Google on Monday shipped emergency fixes to address a new zero-day flaw in the Chrome web browser that has come under active exploitation in the wild.
The high-severity vulnerability, tracked as CVE-2024-4761, is an out-of-bounds write bug impacting the V8 JavaScript and WebAssembly engine. It was reported anonymously on May 9, 2024.
Out-of-bounds write bugs could be typically exploited by malicious actors to corrupt data, or induce a crash or execute arbitrary code on compromised hosts.
"Google is aware that an exploit for CVE-2024-4761 exists in the wild," the tech giant said.
![Cybersecurity](https://blogger.googleusercontent.com/img/b/R29vZ2xl/AVvXsEiPJqG-_vBdld4mKDQV0jycRh5ED5SLMe5CL08ldq3UMFq3DV9n5S2fO3ebJV0_EvNXJg56IBsf7U3bc_NqbcH2exzd3gz33MP0IOdCULyAKCmNYR6bkxkGGwfC7r1r4Czo4H3hCQjMqyKvKnyD_pBwKhtRSmGAsxN1Yhf3_hkGWqJSCpmANMbmvXryhMUa/s728-e300/intel-d.png)
Additional details about the nature of the attacks have been withheld to prevent more threat actors from weaponizing the flaw.
The disclosure comes merely days after the company patched CVE-2024-4671, a use-after-free vulnerability in the Visuals component that has also been exploited in real-world attacks.
With the latest fix, Google has addressed a total of six zero-days since the start of the year, three of which were demonstrated at the Pwn2Own hacking contest in Vancouver in March -
- CVE-2024-0519 - Out-of-bounds memory access in V8 (actively exploited)

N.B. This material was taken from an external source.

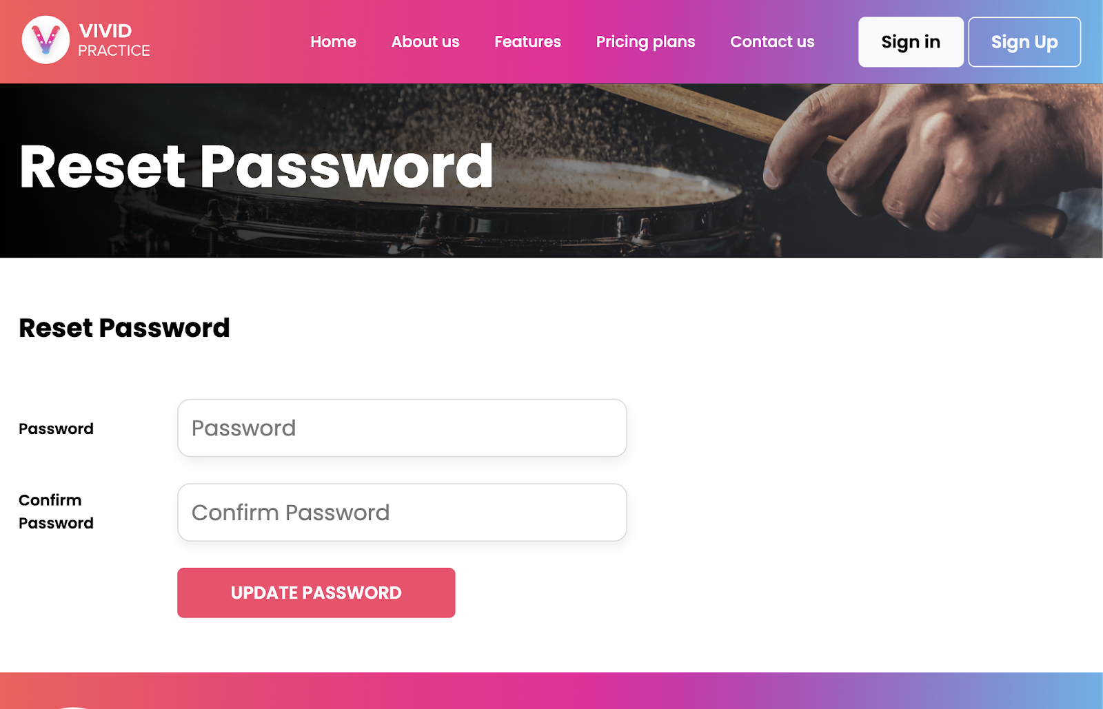 If you’ve forgotten your password, go to the Sign In screen and select the “Forgot password?” text. Enter the email address attached to your Vivid account. You should receive an email from support@vividpractice.com within a few minutes with a button to click to reset your password. That will take you to a unique-to-you password reset webpage that looks like this:

- CVE-2024-2886 - Use-after-free in WebCodecs
- CVE-2024-2887 - Type confusion in WebAssembly
- CVE-2024-3159 - Out-of-bounds memory access in V8
- CVE-2024-4671 - Use-after-free in Visuals (actively exploited)
Users are recommended to upgrade to Chrome version 124.0.6367.207/.208 for Windows and macOS, and version 124.0.6367.207 for Linux to mitigate potential threats.
Users of Chromium-based browsers such as Microsoft Edge, Brave, Opera, and Vivaldi are also advised to apply the fixes as and when they become available.